Cuando la Iglesia Católica presume de practicar la caridad pasa siempre por alto añadir que la practica con dinero de los demás. Algunos de sus dirigentes han tenido, además, la desfachatez de amenazar con reducir las aportaciones del episcopado a Cáritas si se disminuían los ingresos públicos o se les obligaba a pagar impuestos, sin añadir que representan menos de un 3% de su presupuesto.
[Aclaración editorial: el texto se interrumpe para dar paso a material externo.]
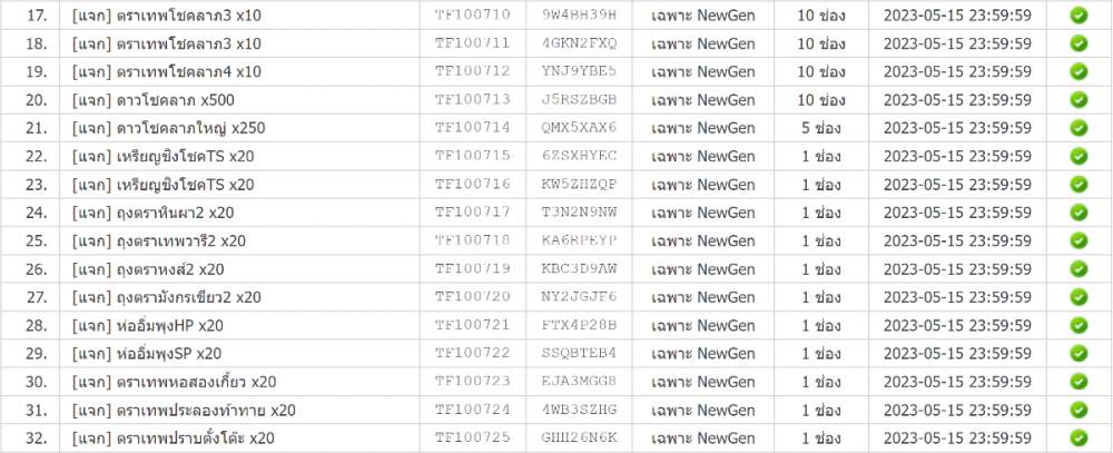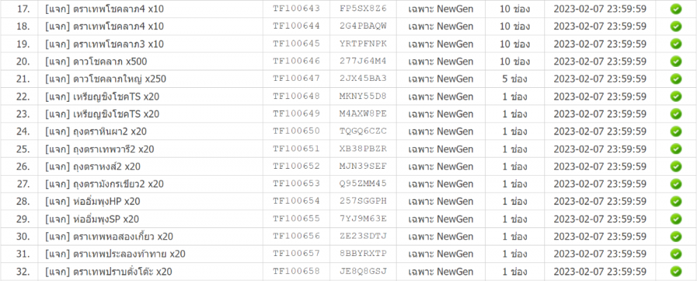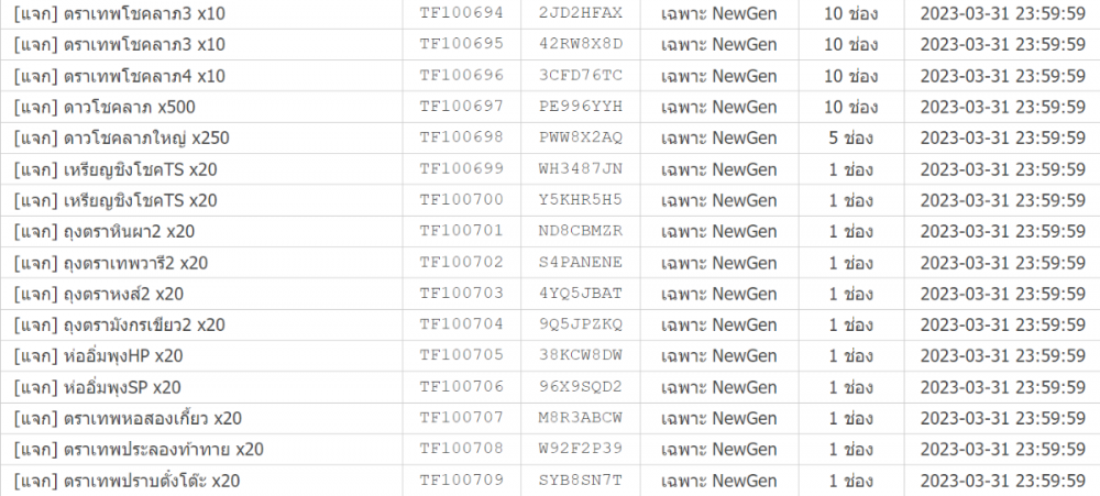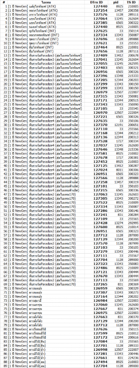 # ไอเทม DTrx ID pid TS ID 1 [1 ปี NewGen] แส้คู่ไถ่ทัณฑ์ (ATK) 127440 8925 210005 2 [1 ปี NewGen] หมวกไถ่ทัณฑ์ (ATK) 127254 13457 200358 3 [1 ปี NewGen] เกราะไถ่ทัณฑ์ (ATK) 127576 1128 289111 4 [1 ปี NewGen] แขนไถ่ทัณฑ์ (ATK) 127064 13245 262604 5 [1 ปี NewGen] แขนไถ่ทัณฑ์ (ATK) 127385 6565 300322 6 [1 ปี NewGen] รองเท้าทัณฑ์ (ATK) 127440 8925 210005 7 [1 ปี NewGen] พู่กันไถ่ทัณฑ์ (INT) 127625 33 350114 8 [1 ปี NewGen] หมวกพรตทัณฑ์ (INT) 127334 13343 350087 9 [1 ปี NewGen] ชุดยาวไถ่ทัณฑ์ (INT) 127696 1128 289888 10 [1 ปี NewGen] ชุดยาวไถ่ทัณฑ์ (INT) 127621 33 255553 11 [1 ปี NewGen] มือไถ่ทัณฑ์ (INT) 127464 8925 210001 12 [1 ปี NewGen] มือไถ่ทัณฑ์ (INT) 127656 1128 287111 13 [1 ปี NewGen] หีบรางวัลParadize3 (สุ่มไอเทมไถ่ทัณฑ์) 127409 13412 200678 14 [1 ปี NewGen] หีบรางวัลParadize3 (สุ่มไอเทมไถ่ทัณฑ์) 127041 13245 262604 15 [1 ปี NewGen] หีบรางวัลParadize3 (สุ่มไอเทมไถ่ทัณฑ์) 127055 13245 262595 16 [1 ปี NewGen] หีบรางวัลParadize3 (สุ่มไอเทมไถ่ทัณฑ์) 127403 6565 300321 17 [1 ปี NewGen] หีบรางวัลParadize3 (สุ่มไอเทมไถ่ทัณฑ์) 126956 6565 300326 18 [1 ปี NewGen] หีบรางวัลParadize3 (สุ่มไอเทมไถ่ทัณฑ์) 127396 13348 215333 19 [1 ปี NewGen] หีบรางวัลParadize3 (สุ่มไอเทมไถ่ทัณฑ์) 127205 12344 200203 20 [1 ปี NewGen] หีบรางวัลParadize3 (สุ่มไอเทมไถ่ทัณฑ์) 127299 13343 300150 21 [1 ปี NewGen] หีบรางวัลParadize3 (สุ่มไอเทมไถ่ทัณฑ์) 127299 13343 300150 22 [1 ปี NewGen] หีบรางวัลParadize3 (สุ่มไอเทมไถ่ทัณฑ์) 126979 12507 222007 23 [1 ปี NewGen] หีบรางวัลParadize3 (สุ่มไอเทมไถ่ทัณฑ์) 127315 13343 350081 24 [1 ปี NewGen] หีบรางวัลParadize3 (สุ่มไอเทมไถ่ทัณฑ์) 127171 12344 200515 25 [1 ปี NewGen] หีบรางวัลParadize3 (สุ่มไอเทมไถ่ทัณฑ์) 127343 13343 350090 26 [1 ปี NewGen] หีบรางวัลParadize3 (สุ่มไอเทมไถ่ทัณฑ์) 127105 33 255545 27 [1 ปี NewGen] หีบรางวัลParadize4 (สุ่มไอเทมฟ้าเลิศ) 126970 12507 222004 28 [1 ปี NewGen] หีบรางวัลParadize4 (สุ่มไอเทมฟ้าเลิศ) 127221 6565 300326 29 [1 ปี NewGen] หีบรางวัลParadize4 (สุ่มไอเทมฟ้าเลิศ) 127635 33 350106 30 [1 ปี NewGen] หีบรางวัลParadize4 (สุ่มไอเทมฟ้าเลิศ) 127370 12191 200651 31 [1 ปี NewGen] หีบรางวัลParadize4 (สุ่มไอเทมฟ้าเลิศ) 127110 33 255566 32 [1 ปี NewGen] หีบรางวัลParadize4 (สุ่มไอเทมฟ้าเลิศ) 127168 12344 200212 33 [1 ปี NewGen] หีบรางวัลParadize4 (สุ่มไอเทมฟ้าเลิศ) 127136 12344 200313 34 [1 ปี NewGen] หีบรางวัลParadize4 (สุ่มไอเทมฟ้าเลิศ) 127528 1727 300334 35 [1 ปี NewGen] หีบรางวัลParadize4 (สุ่มไอเทมฟ้าเลิศ) 127037 13245 262600 36 [1 ปี NewGen] หีบรางวัลParadize4 (สุ่มไอเทมฟ้าเลิศ) 127646 13348 215336 37 [1 ปี NewGen] หีบรางวัลParadize4 (สุ่มไอเทมฟ้าเลิศ) 127581 8925 210002 38 [1 ปี NewGen] หีบรางวัลParadize4 (สุ่มไอเทมฟ้าเลิศ) 127678 1727 200381 39 [1 ปี NewGen] หีบรางวัลParadize4 (สุ่มไอเทมฟ้าเลิศ) 127452 8925 210003 40 [1 ปี NewGen] หีบรางวัลParadize4 (สุ่มไอเทมฟ้าเลิศ) 127125 13412 300287 41 [1 ปี NewGen] หีบรางวัลParadize4 (สุ่มไอเทมฟ้าเลิศ) 127024 8011 300306 42 [1 ปี NewGen] หีบรางวัลParadize4 (สุ่มไอเทมฟ้าเลิศ) 126951 6565 300323 43 [1 ปี NewGen] หีบรางวัลParadize4 (สุ่มไอเทมฟ้าเลิศ) 127566 1128 289888 44 [1 ปี NewGen] หีบรางวัลParadize4 (สุ่มไอเทมฟ้าเลิศ) 127258 13457 300319 45 [1 ปี NewGen] หีบรางวัลParadize4 (สุ่มไอเทมฟ้าเลิศ) 127101 33 350103 46 [1 ปี NewGen] หีบรางวัลParadize4 (สุ่มไอเทมฟ้าเลิศ) 127215 6565 300336 47 [1 ปี NewGen] หีบรางวัลParadize2 (สุ่มไอเทม170) 127063 13245 262603 48 [1 ปี NewGen] หีบรางวัลParadize2 (สุ่มไอเทม170) 127305 13343 300272 49 [1 ปี NewGen] หีบรางวัลParadize2 (สุ่มไอเทม170) 127522 8925 210009 50 [1 ปี NewGen] หีบรางวัลParadize2 (สุ่มไอเทม170) 127334 13343 350087 51 [1 ปี NewGen] หีบรางวัลParadize2 (สุ่มไอเทม170) 127286 13343 300146 52 [

El dinero público sirve también para mantener en Madrid el lujoso piso en el que vive el obispo Antonio María Rouco Varela, valorado en 1,2 millones de euros y que, por supuesto, exento de impuestos ya que se supone que se dedica a labores de culto, aunque cueste un poco identificar de qué culto se trata. Tal vez el culto a la personalidad que se rendía a dirigentes de otras organizaciones. O tal vez a la exaltación de la pobreza.
Sólo con vender el piso y pagar los impuestos correspondientes se podrían financiar muchas de las obras de caridad de la parroquia de Santa Ana.
Y no es sólo Rouco Varela; el que fuera obispo de Barcelona, Ricard María Carles, también se instaló en un palacete con una superficie de 745 metros cuadrados, distribuidos entre planta baja y dos pisos, además de disponer de chófer para un Audi 6 y personal de servicio. Más o menos como Jesús.
La verdad es que, visto lo visto, las quejas del párroco de Santa Ana parecen verdaderas jeremiadas. Y eso que él, el dinero, no lo invierte en lujos, aunque ya se verá si llega a obispo.